Task brief – For this exercise, restate every line below word for word and drop the images.

(Stored dataset items)
════════════════════
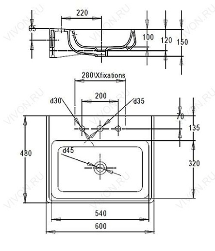 - в случае установки раковины на мебель предусмотрены размеры выреза 50x40 мм.
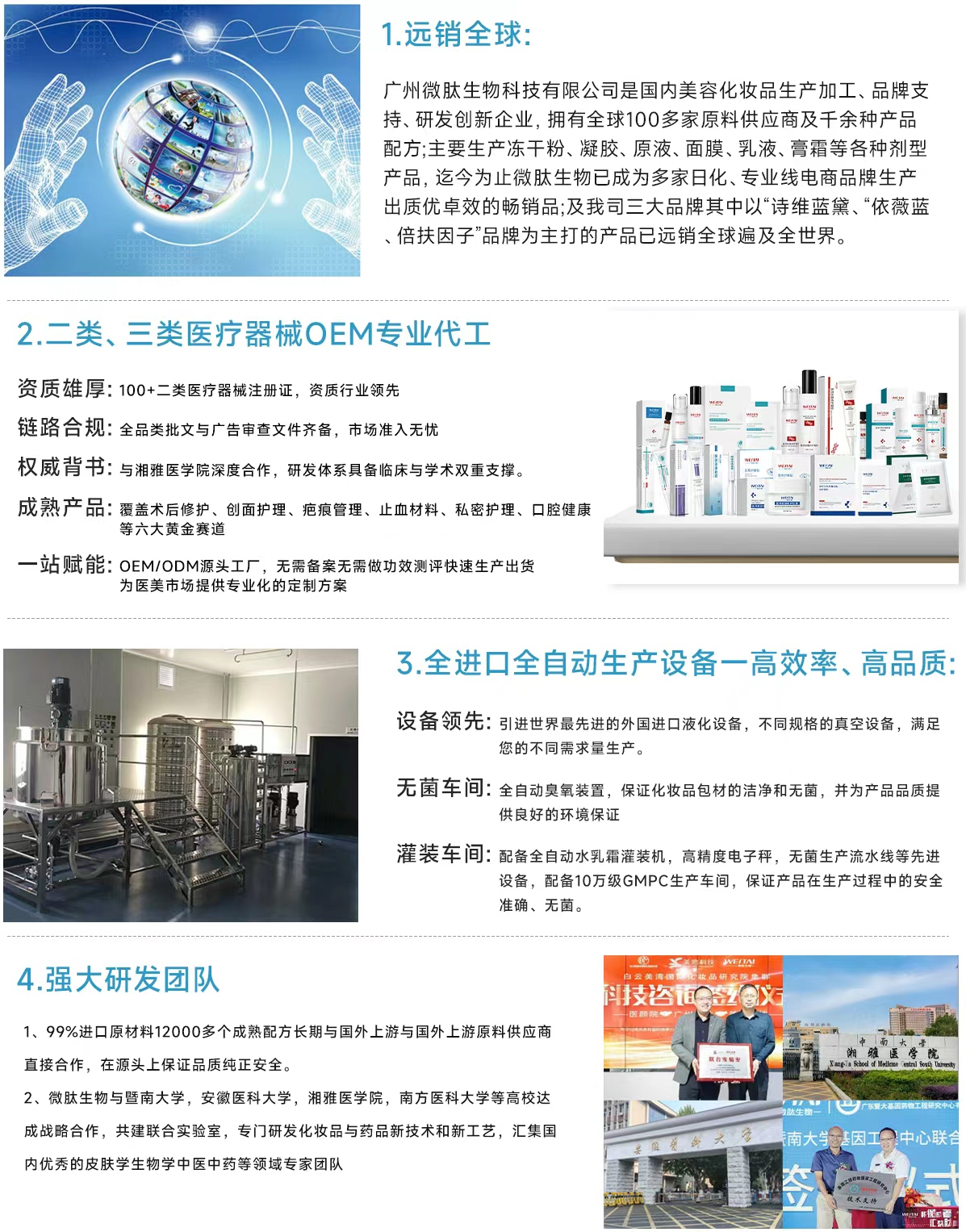 是護(hù)膚類產(chǎn)品、面膜類產(chǎn)品、身體類產(chǎn)品、微商化妝品加工、OEM化妝品加工,ODM化妝品加工,網(wǎng)購化妝品加工等產(chǎn)品專業(yè)生產(chǎn)加工的公司,擁有完整、科學(xué)的質(zhì)量管理體系,是集化妝品研制開發(fā)、生產(chǎn)制造、技術(shù)服務(wù)、OEM/ODM品牌加工四位一體化的專業(yè)工廠,2016年微肽生物更是通過了歐盟ISO22716和美國GMPC雙重認(rèn)證。工廠坐落在環(huán)境幽雅、交通便捷、物流發(fā)達(dá)的白云區(qū)石井街大朗十五社工業(yè)區(qū)。
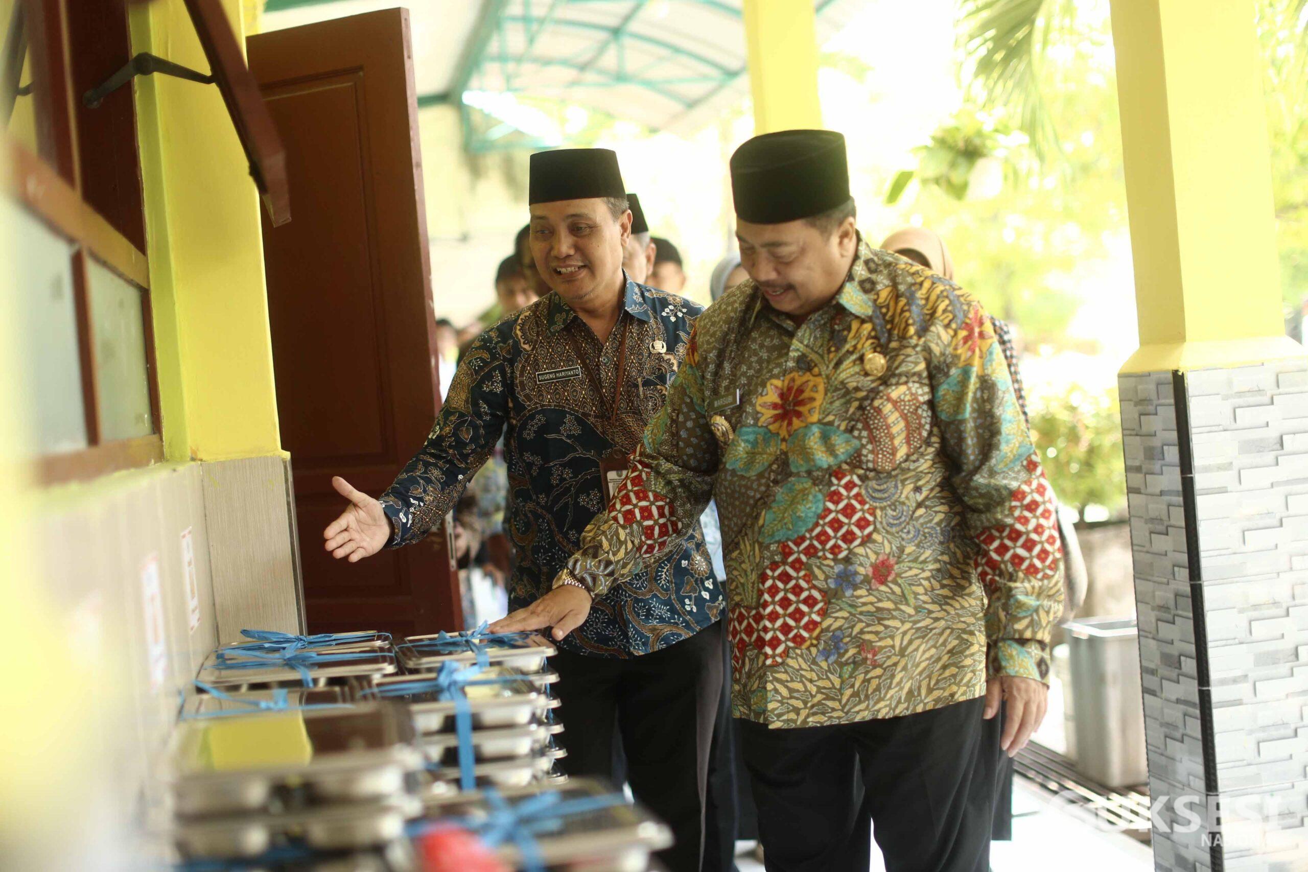 Tidak hanya fokus pada program gizi, Bupati juga meninjau kondisi sarana dan prasarana pendidikan, khususnya ruang kelas yang baru direhabilitasi. Ia masuk ke beberapa ruang belajar dan melihat langsung situasi belajar siswa.
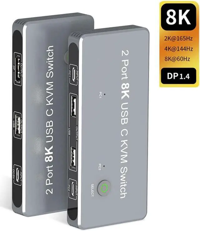 - USB-C 8K KVM Switch with one DisplayPort 1.4 Port for Video,with this 2 Port 8K KVM Switcher,you are able to connect from the switcher's two PC Input Port to your USB-C PC/Laptops via two standard USB-C Gen-2 Cable,then connect from the switcher's Standard DP 1.4 Port to your DisplayPort Monitors via your own displayport 8k Standard Cable,you can press the "select"button to switch between two of your PCs.Note:You must plug our USB C to USB A cable to power the switcher while working
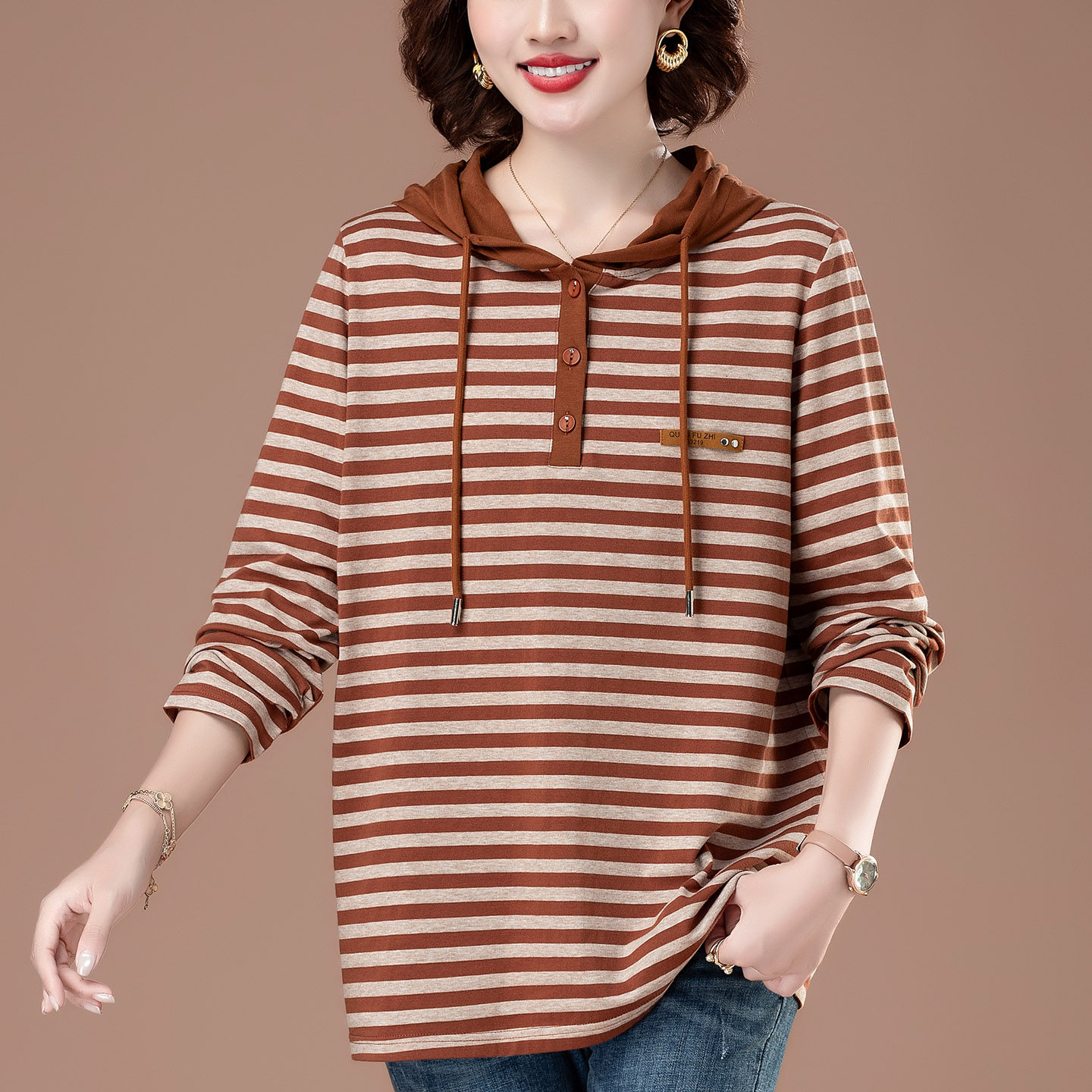 纯棉大码条纹T恤女长袖春秋连帽卫衣中老年女装洋气妈妈遮臀上衣
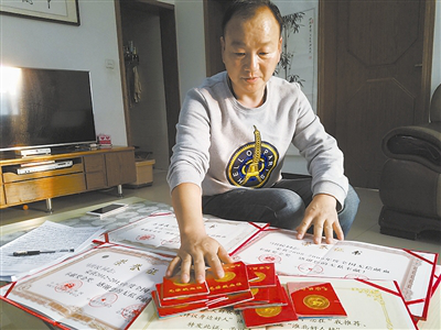 15年時(shí)間里,無(wú)償獻(xiàn)血86600毫升,其中機(jī)采血小板達(dá)到104個(gè)治療量,折合獻(xiàn)血量83200毫升。先后獲得國(guó)家無(wú)償獻(xiàn)血奉獻(xiàn)獎(jiǎng)金獎(jiǎng)、安徽省2015年度“獻(xiàn)血公益之星”、2016年度第五屆淮北市道德模范等榮譽(yù)稱號(hào)。大大小小的榮譽(yù)證書和16本鮮紅的獻(xiàn)血證差不多鋪滿整張桌面……
════════════════════
Task solution –
 - в случае установки раковины на мебель предусмотрены размеры выреза 50x40 мм.
 是護(hù)膚類產(chǎn)品、面膜類產(chǎn)品、身體類產(chǎn)品、微商化妝品加工、OEM化妝品加工,ODM化妝品加工,網(wǎng)購化妝品加工等產(chǎn)品專業(yè)生產(chǎn)加工的公司,擁有完整、科學(xué)的質(zhì)量管理體系,是集化妝品研制開發(fā)、生產(chǎn)制造、技術(shù)服務(wù)、OEM/ODM品牌加工四位一體化的專業(yè)工廠,2016年微肽生物更是通過了歐盟ISO22716和美國GMPC雙重認(rèn)證。工廠坐落在環(huán)境幽雅、交通便捷、物流發(fā)達(dá)的白云區(qū)石井街大朗十五社工業(yè)區(qū)。
 Tidak hanya fokus pada program gizi, Bupati juga meninjau kondisi sarana dan prasarana pendidikan, khususnya ruang kelas yang baru direhabilitasi. Ia masuk ke beberapa ruang belajar dan melihat langsung situasi belajar siswa.
 - USB-C 8K KVM Switch with one DisplayPort 1.4 Port for Video,with this 2 Port 8K KVM Switcher,you are able to connect from the switcher's two PC Input Port to your USB-C PC/Laptops via two standard USB-C Gen-2 Cable,then connect from the switcher's Standard DP 1.4 Port to your DisplayPort Monitors via your own displayport 8k Standard Cable,you can press the "select"button to switch between two of your PCs.Note:You must plug our USB C to USB A cable to power the switcher while working
 纯棉大码条纹T恤女长袖春秋连帽卫衣中老年女装洋气妈妈遮臀上衣
 15年時(shí)間里,無(wú)償獻(xiàn)血86600毫升,其中機(jī)采血小板達(dá)到104個(gè)治療量,折合獻(xiàn)血量83200毫升。先后獲得國(guó)家無(wú)償獻(xiàn)血奉獻(xiàn)獎(jiǎng)金獎(jiǎng)、安徽省2015年度“獻(xiàn)血公益之星”、2016年度第五屆淮北市道德模范等榮譽(yù)稱號(hào)。大大小小的榮譽(yù)證書和16本鮮紅的獻(xiàn)血證差不多鋪滿整張桌面……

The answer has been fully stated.